Остальные были также очень грустны и подавлены оборотом, который приняла их рыбная ловля. Но делать нечего - акула была для них потеряна. Тяжелое настроение воцарилось на плоту. Все, пожалуй, были еще более угнетены и печальны, чем раньше. Особенно тревожило Лейхтвейса и его друзей состояние Лоры. Она была так слаба, что не могла приподнять головы. Лейхтвейс сидел постоянно подле жены, смачивая время от времени ее губы дождевой водой, хранившейся в бочке после благодатного дождя.
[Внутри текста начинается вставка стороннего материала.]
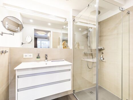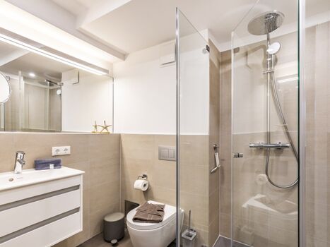 Badezimmer 1: Beginnen Sie den Tag in der eleganten Atmosphäre dieses Badezimmers mit Regendusche, WC und einem Haartrockner.
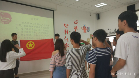 进一步激励广大青年在新历史时期坚定不移永远党走的信念,增强共青团员的光荣感和使命感,充分发挥共青团组织的作用,促进团组织的自身建设,努力成为党的助手和后备军​太阳成集团tyc122ccvip分团委于518日下午在南校区x4504教室隆重举行“不忘初心跟党走”新团员入团宣誓仪式。入团宣誓仪式由​太阳成集团tyc122ccvip分团委负责人柴颖老师主持,​太阳成集团tyc122ccvip何江副书记周洪媛老师、孙静老师、各班团支部书记16新团员参加了此次入团宣誓仪式
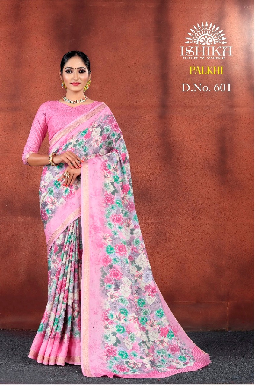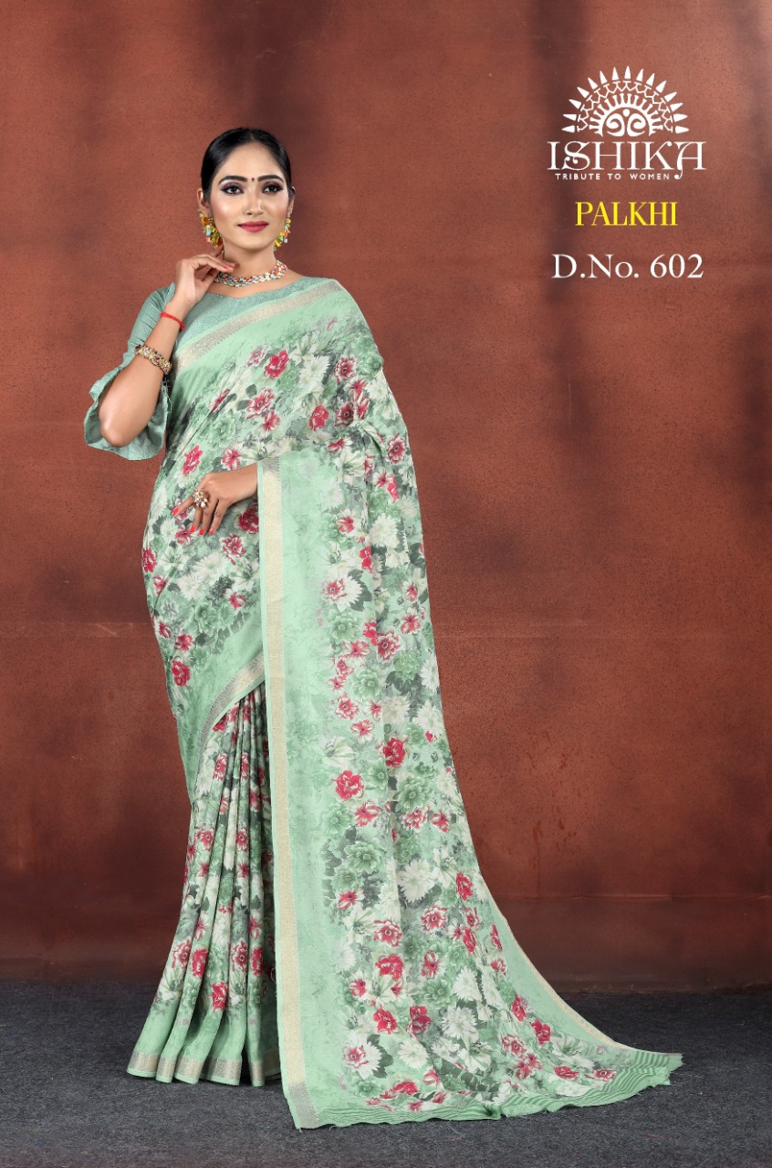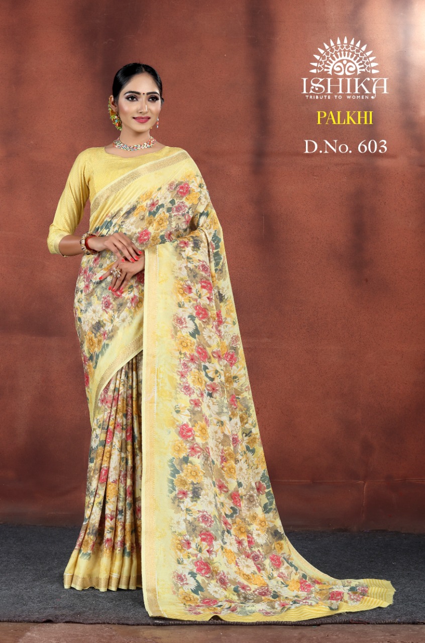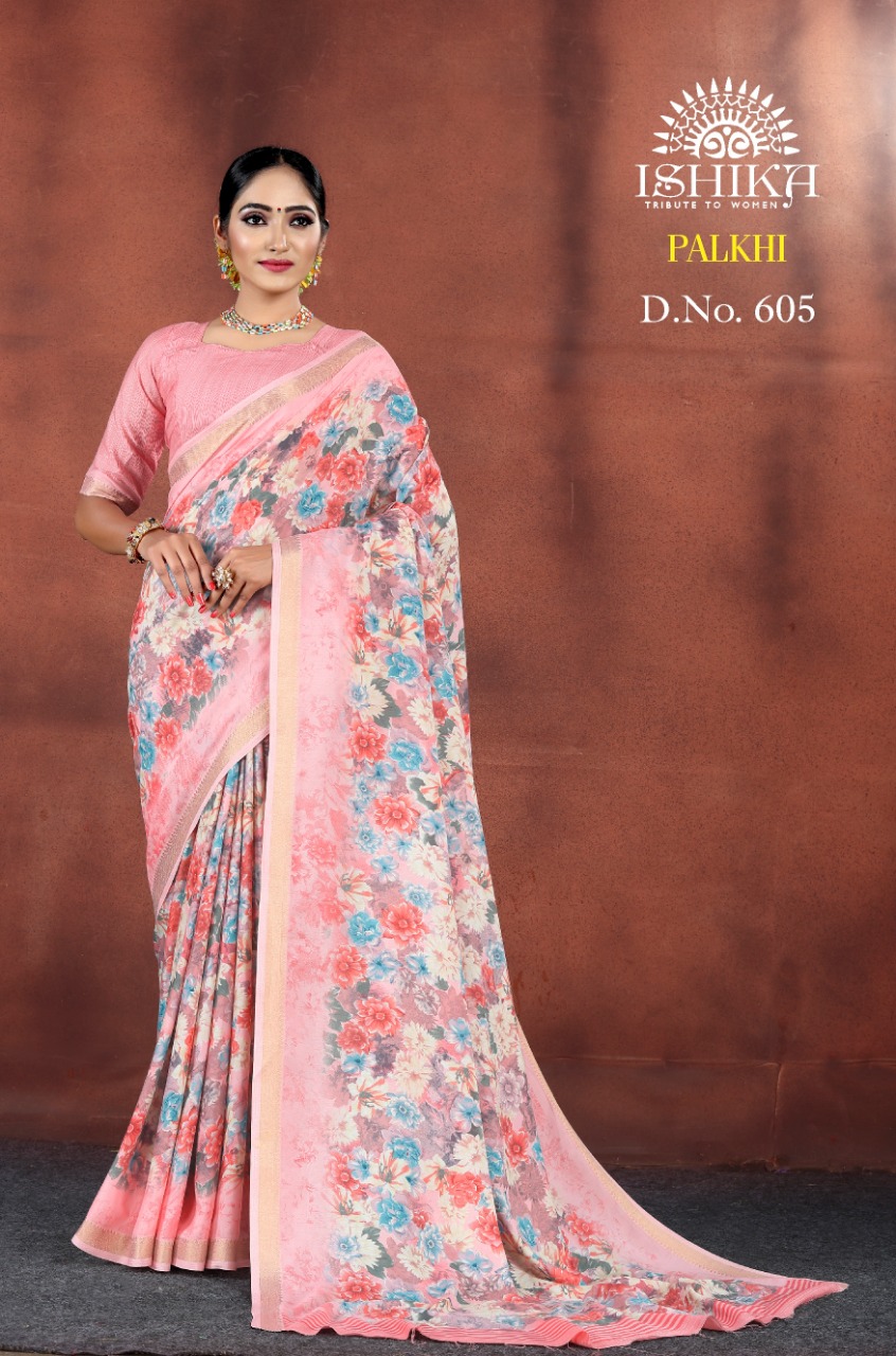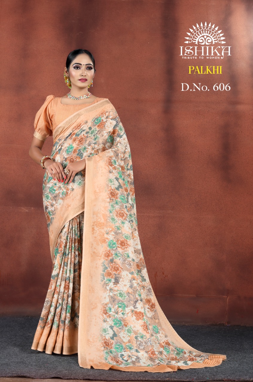 Ishika Palkhi Fancy Printed Saree With Jari Border Concept

-- О, мой Гейнц, -- шептала она, слабо пожимая руку мужа, -- ты еще берешь на себя труд ухаживать за мной, когда должен бы подумать о себе самом и о том, как бы облегчить свои собственные страдания.

-- Не говори этого, моя дорогая, -- мрачно прервал ее разбойник. -- Ты очень хорошо знаешь, что твоя смерть будет и моей смертью; я не переживу тебя.

-- Гейнц, -- шептала Лора, немного приподнявшись, -- скажи мне совершенно искренно и откровенно, не думаешь ли ты, что Господь посылает нам эти страдания за все наши дела? Что он хочет заставить нас искупить наши грехи?

-- На нас нет грехов, моя любимая, -- возразил Лейхтвейс. -- Может быть, в глазах людей наши дела и были грешны, но перед Господом мы чисты. Общественные порядки, против которых мы боролись, установлены людьми, слепыми людьми, блуждающими в темноте. Бог не создавал человеческих законов. Он создал только законы природы. Разве не естественно, чтобы угнетенные восставали против своих притеснителей? Поверь мне, голубушка Лора, если бы Господь, Творец мира, не предался бы отдыху на седьмой день, а употребил бы его на создание законов, то законы эти были бы совсем иные, чем те, которым нас подчиняют теперь.

-- Верю тебе, верю, мой дорогой Гейнц, -- проговорила Лора слабым, но душевным голосом. -- Я знаю, ты всегда прав, всегда... Теперь я умру успокоенная, потому что надеюсь на прощение Верховного Судьи.

Лейхтвейс встал и подошел к товарищам, собравшимся на совещание, хотя оно было довольно бесполезно, потому что им было совершенно неизвестно, в какой части океана они находились и чем будут утолять мучительный голод. Пресной водой они пользовались так экономно, что несколько литров ее еще оставалось в бочке. И в следующие дни ее нужно было употреблять крайне скупо, и потому и без того уже скудная ежедневная порция была сокращена до одного стакана.

На следующий день произошел случай, который несколько ободрил наших пловцов. Вдали небо потемнело, и они уже приняли это за тучу, которая принесет им благодатный дождь. Но небо послало им нечто лучше воды, то есть то, в чем они в настоящую минуту больше всего нуждались.

-- Тысяча чертей! -- закричал Матиас Лоренсен. -- Это не облако, а большая стая птиц, перелетных птиц, направляющихся из жарких стран на северную родину.

-- Ах, если бы нам попали в руки эти птицы, -- со вздохом проговорил Барберино, -- какое это было бы отличное жаркое.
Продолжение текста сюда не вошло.